System applications gain their permissions without user interaction because they have been signed with the same key as the platform.
android:sharedUserId="android.uid.system" - can be used in manifest
In my case I have no access to the platform keys because the rom is stock from big Sam Api 27+. This bring me to my issue. How to proceed?
Would disabling signature verification give my service the permissions required? Another solution would be to unpack the rom with its .images and unsign and resign each app inside system with my own but this is a very clumsy solution because I'm not sure what is being signed when the AOSP modified rom is created.
Device is rootable but only to allow modifications not as an end goal, that would defeat the purpose.
I'm looking for pointers, where to dive in. Perhaps somebody came across this problem once.
/// Removing dm-verity did not work. It was a silly attempt considering this verification only checks if the system's integrity has changed. Re-signing every apk inside /system/app/ did not work. It made my android unable to boot. Most likely cause is that some other files signature I haven't changed.

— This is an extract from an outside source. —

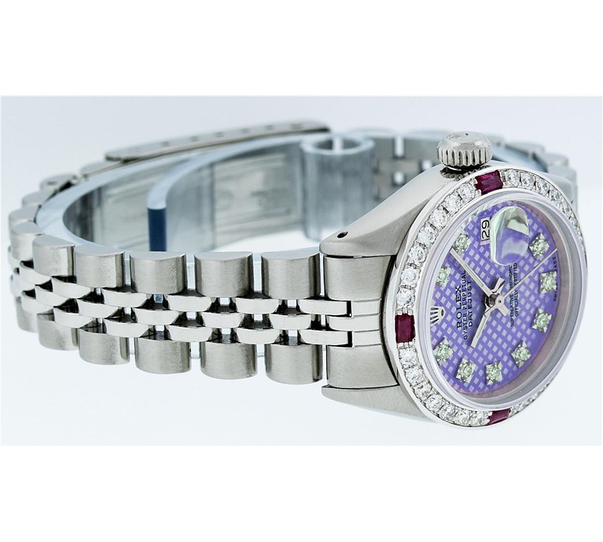 Ladies Rolex Datejust Polished Bright with Satin Finish, Serviced & Electronically Tested, Stainless Steel Case:26mm, Stainless Steel Crown, Custom Bezel: 18K White Gold Ruby Beadset Diamond Bezel, Diamond + Gem Count: 28 Diamonds + 4 Rubies. Total Weight .70 Carat, Clarity: SI-VS, Color: G to H. Custom Crystal: Synthetic Sapphire Cyclops Lens. Movement: Automatic Winding Movement Caliber 2030. Custom Dial: Refinished Purple With VVS Diamond Hour Markers. Diamond Count: 10 Diamonds, Color: G To H, Clarity: VVS. Date Window: 3 O'clock Position Date Display, Model: Datejust. Condition: G-6 Extra Fine. Bracelet: Stainless Steel Jubilee. Bright Polish & Satin Finish. 6.0 Inch Length, Adjustable. Standard Clasp, With Rolex Logo. Comes with 6 month warranty.

The solution lies in modifying the signature verification method inside the services.jar
The services.jar have a PackageManagerService.smali with a CompareSignature method.

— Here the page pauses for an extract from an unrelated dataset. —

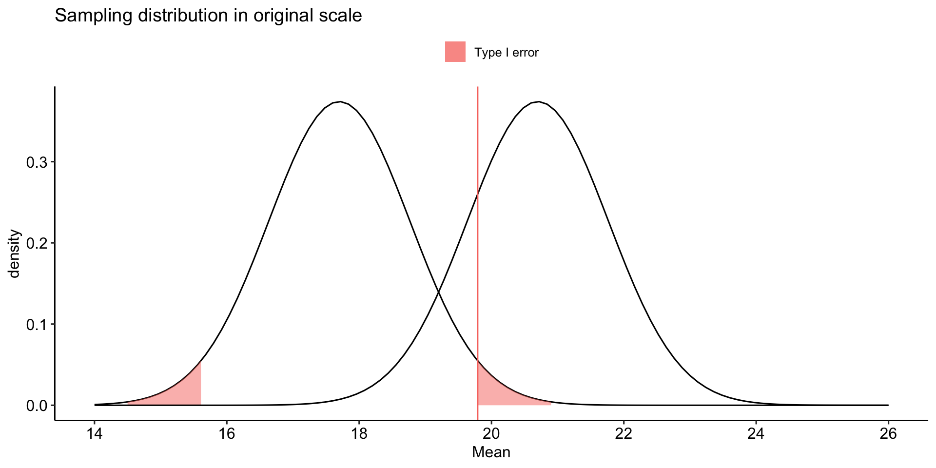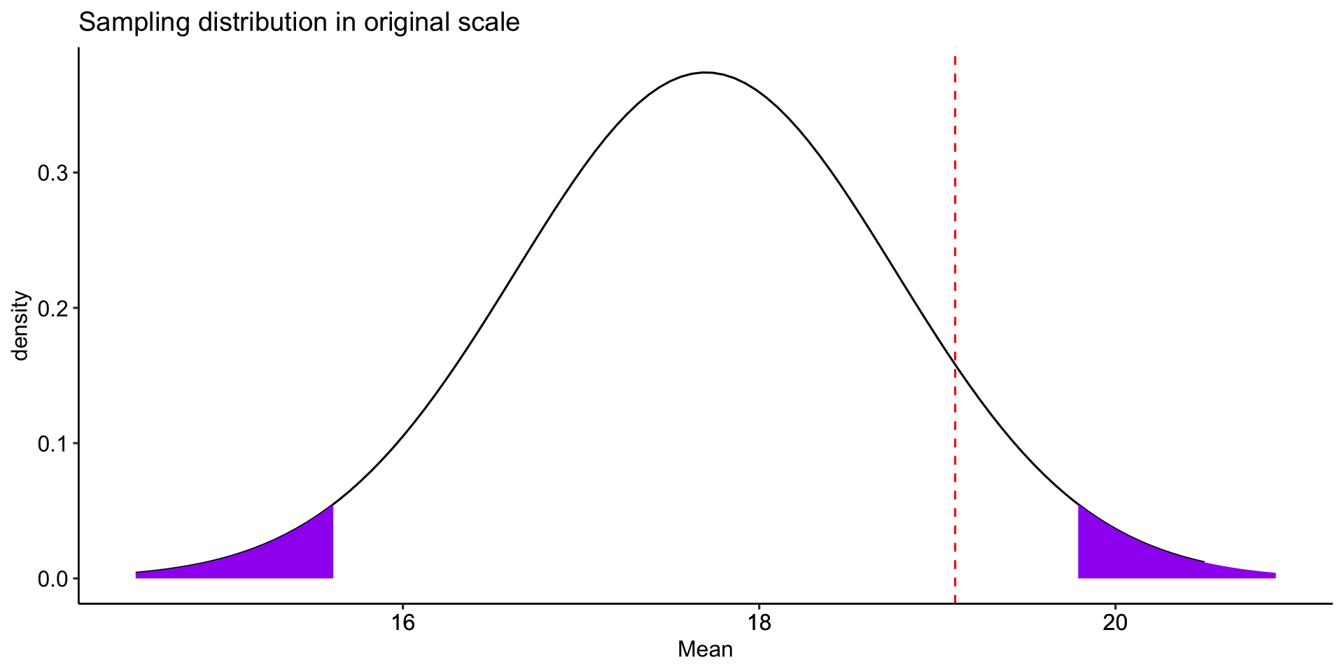 labs(x = "Mean", y = "density", title = "Sampling distribution in original scale", fill = NULL)+

.method static compareSignatures
.locals 7
const/4 v0, 0x0
return v0
.end method
Upon modifying this method and repacking it back to my device, I created an application to test and it was granted the permissions above. The most important feature to this is the system permissions that I have access now. All the features that have the "Not for use by third-party applications." from here https://android.izzysoft.de/applists/perms
This is the only method I have found to be working so far without rooting. My test device was a Samsung Galaxy S4 5.0.1 I do not know if it works on newer devices.